▶ [Extracted data]
---+---

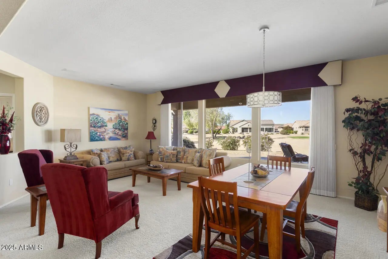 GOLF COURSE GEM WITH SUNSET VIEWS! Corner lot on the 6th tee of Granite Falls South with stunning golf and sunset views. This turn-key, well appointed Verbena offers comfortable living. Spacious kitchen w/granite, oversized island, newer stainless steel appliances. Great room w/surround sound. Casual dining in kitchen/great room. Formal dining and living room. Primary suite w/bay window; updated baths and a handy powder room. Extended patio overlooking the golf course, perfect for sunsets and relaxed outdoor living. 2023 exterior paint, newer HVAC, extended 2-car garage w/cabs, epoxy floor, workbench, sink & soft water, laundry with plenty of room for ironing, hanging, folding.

---+---

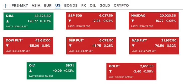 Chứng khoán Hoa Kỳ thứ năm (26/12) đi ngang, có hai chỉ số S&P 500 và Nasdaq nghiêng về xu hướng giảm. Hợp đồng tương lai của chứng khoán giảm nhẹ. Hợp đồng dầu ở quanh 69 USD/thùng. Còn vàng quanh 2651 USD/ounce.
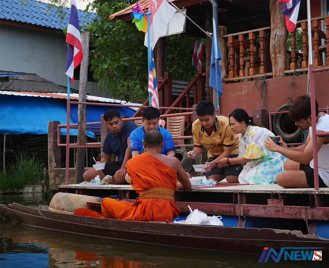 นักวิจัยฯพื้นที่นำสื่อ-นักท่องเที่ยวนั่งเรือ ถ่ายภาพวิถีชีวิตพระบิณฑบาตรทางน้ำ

---+---

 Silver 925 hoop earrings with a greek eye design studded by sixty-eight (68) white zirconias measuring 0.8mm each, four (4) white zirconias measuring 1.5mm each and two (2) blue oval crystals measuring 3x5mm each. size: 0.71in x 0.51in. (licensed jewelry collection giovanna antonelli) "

---+---

▶ [Assigned task] Using the records above, return word for word the lines that begin at the one containing "Chứng khoán Hoa" and end at the one containing "นักวิจัยฯพื้นท", both of them included and no pictures.

▶ [Answer box]
 Chứng khoán Hoa Kỳ thứ năm (26/12) đi ngang, có hai chỉ số S&P 500 và Nasdaq nghiêng về xu hướng giảm. Hợp đồng tương lai của chứng khoán giảm nhẹ. Hợp đồng dầu ở quanh 69 USD/thùng. Còn vàng quanh 2651 USD/ounce.
 นักวิจัยฯพื้นที่นำสื่อ-นักท่องเที่ยวนั่งเรือ ถ่ายภาพวิถีชีวิตพระบิณฑบาตรทางน้ำ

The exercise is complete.